Well, this is why they are condensed into a "lane group". From the MAC's
perspective the whole thing is opaque, and gets handled by the phy
subsystem.

>> I think it will be a lot easier to add multi-lane support with this
>> method because it gives the driver more information about what's going
>> on. The driver can control the whole configuration/reset process and the
>> timing.
> 
> Also, I'm thinking that if you support multi-lane (which dpaa2-mac currently
> doesn't, even in LSDK), you can't avoid multiple "phys" phandles in dpaa2-mac,
> and a "for" loop, eventually, anyway. That's because if your lanes have protocol
> retimers on them, those are going to be modeled as generic PHYs too.
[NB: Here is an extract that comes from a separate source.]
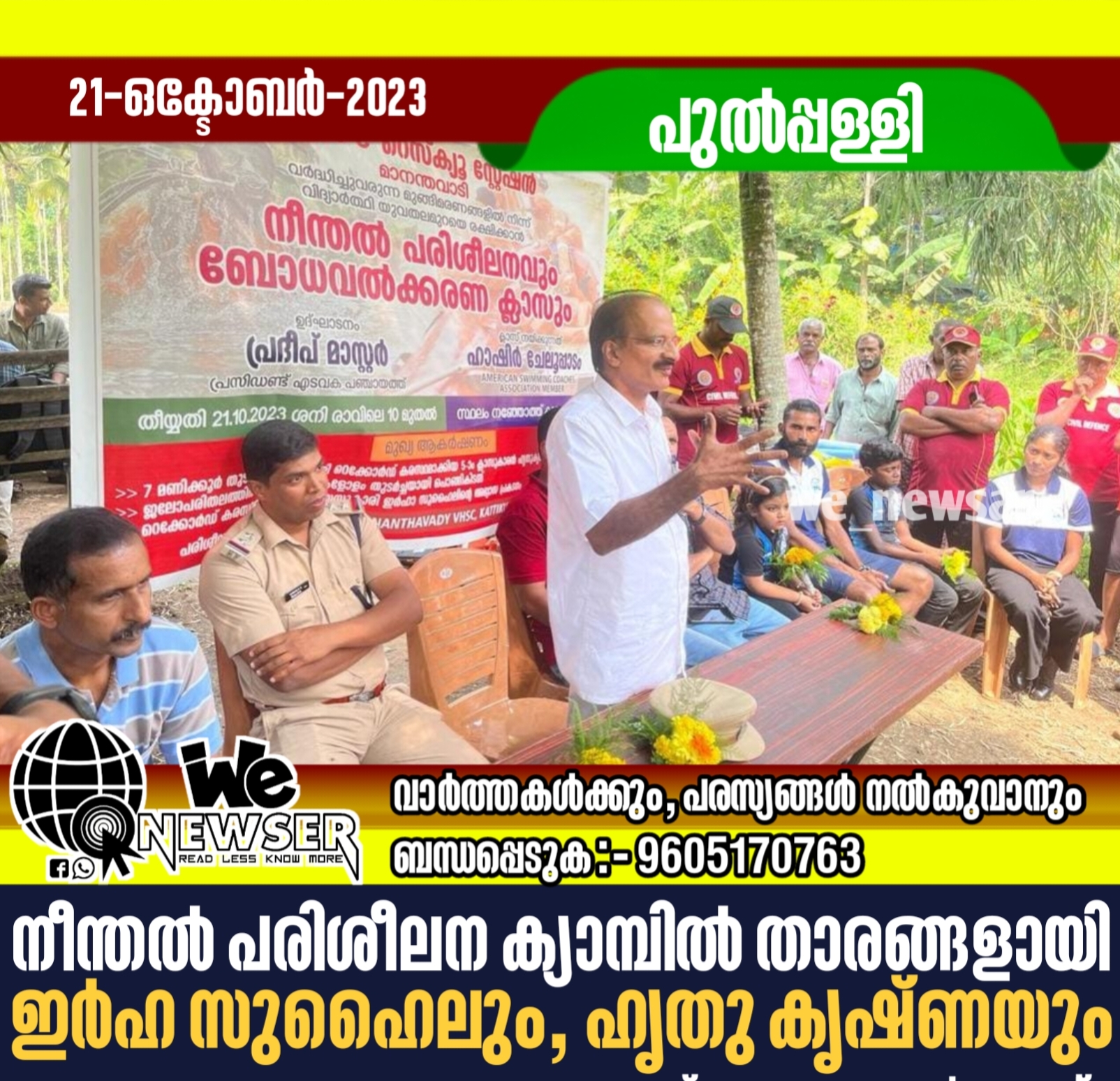 നീന്തൽ പരിശീലന ക്യാമ്പിൽ താരങ്ങളായി ഇർഹ സുഹൈലും, ഹൃതു കൃഷ്ണയും.

And those
> will not be bundled in these "groups", because they might be one chip per lane.
> 
> The retimer thing isn't theoretical, but, due to reasons independent of NXP,
> we lack the ability to provide an upstream user of the "lane retimer as
> generic PHY" functionality in dpaa2-mac. So it stays downstream for now.
> https://cas5-0-urlprotect.trendmicro.com:443/wis/clicktime/v1/query?url=https%3a%2f%2fgithub.com%2fnxp%2dqoriq%2flinux%2fcommit%2f627c5f626a13657f46f68b90882f329310e0e22f&umid=54bd2b00-07e7-4f55-8e2a-ed7b7cf7d142&auth=d807158c60b7d2502abde8a2fc01f40662980862-a6780f8e227e850b7785d5afbae1abed18ded9d9
> 
> So, if you're thinking of easing the work of the consumer side, I'm not
> sure that the gains will be that high.

Well, FWIW those serdes don't need good coordination. That said, I
think it might be interesting to have some subsystem-level support for
this, much like clock groups.

> Otherwise, I will repeat the idea that lynx-10g and lynx-28g should be
> treated in unison, because some drivers (dpaa2-mac, mtip_backplane) will
> have to interface with both, and I don't really believe that major deviations
> in software architecture between the 2 SerDes drivers are justifiable in
> any way (multi-protocol handled differently, for example).

Well, I think we should take the opportunity to think about the hardware
which exists and how we plan to model it. IMO grouping lanes into a
single phy simplifies both the phy driver and the mac driver.

--Sean